About this task: What you return must match the listing below character for character, minus any pictures.

** Opening Data below block **

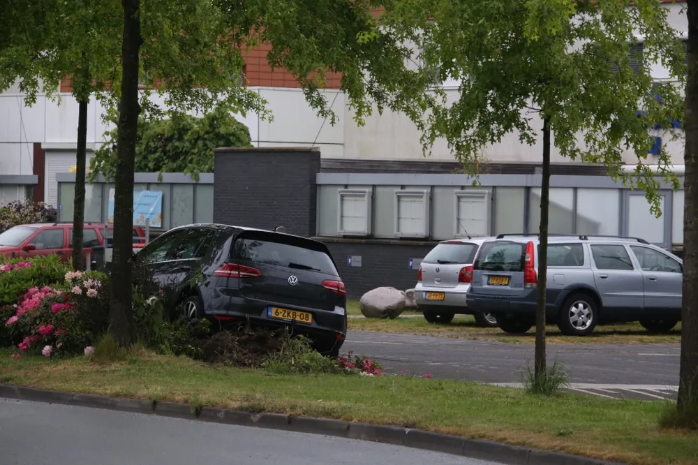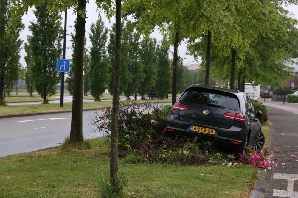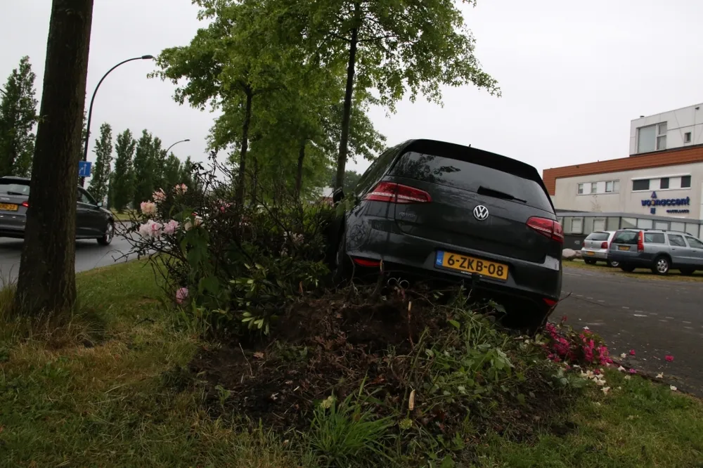Ter plaatse bleek er een auto uit de bocht gevlogen te zijn, de auto is over een bloemenperk gereden voordat hij tot stilstand kwam. De bestuurder van de auto is gearresteerd
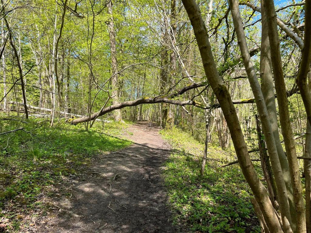 This little path gradually heads up slope and to your right, through the trees, you’ll see a small open grass area. Keep going and just at the end of this open area, you’ll reach a small T junction. Turn left and continue up slope, then ignore a path off to the right and keep up the hill, passing a marker post and going over a fallen silver birch tree, then under another tree that has fallen across the path.
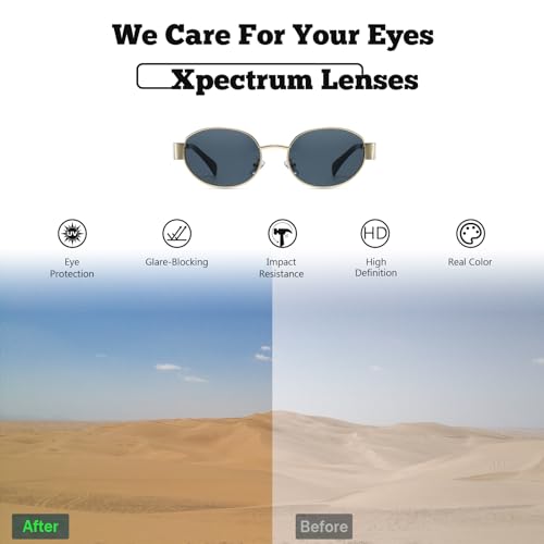 More information about Xpectrum Vintage Retro Oval Sunglasses for Womens Mens, Trendy Classic Shades, Gold Fashion Glasses X9896
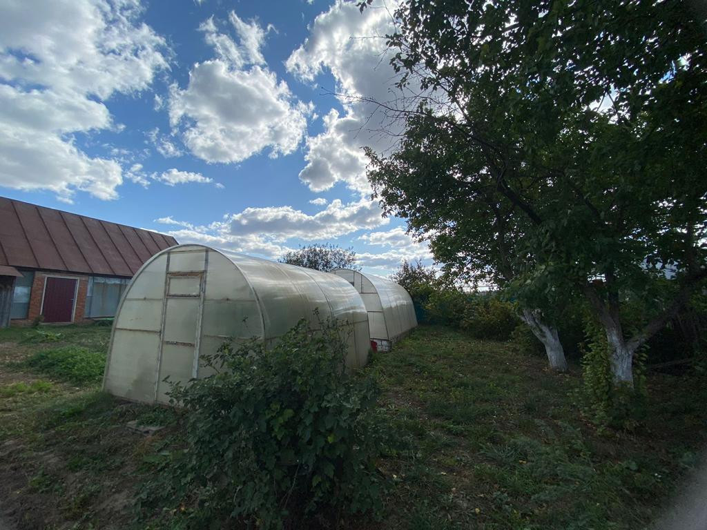 Участок ровной, правильной формы . На участке: гараж, беседка, хоз. постройки, установлены 2 теплицы, растут плодоносящие деревья.

** Closing Data below block **

Finished exercise:
Ter plaatse bleek er een auto uit de bocht gevlogen te zijn, de auto is over een bloemenperk gereden voordat hij tot stilstand kwam. De bestuurder van de auto is gearresteerd
 This little path gradually heads up slope and to your right, through the trees, you’ll see a small open grass area. Keep going and just at the end of this open area, you’ll reach a small T junction. Turn left and continue up slope, then ignore a path off to the right and keep up the hill, passing a marker post and going over a fallen silver birch tree, then under another tree that has fallen across the path.
 More information about Xpectrum Vintage Retro Oval Sunglasses for Womens Mens, Trendy Classic Shades, Gold Fashion Glasses X9896
 Участок ровной, правильной формы . На участке: гараж, беседка, хоз. постройки, установлены 2 теплицы, растут плодоносящие деревья.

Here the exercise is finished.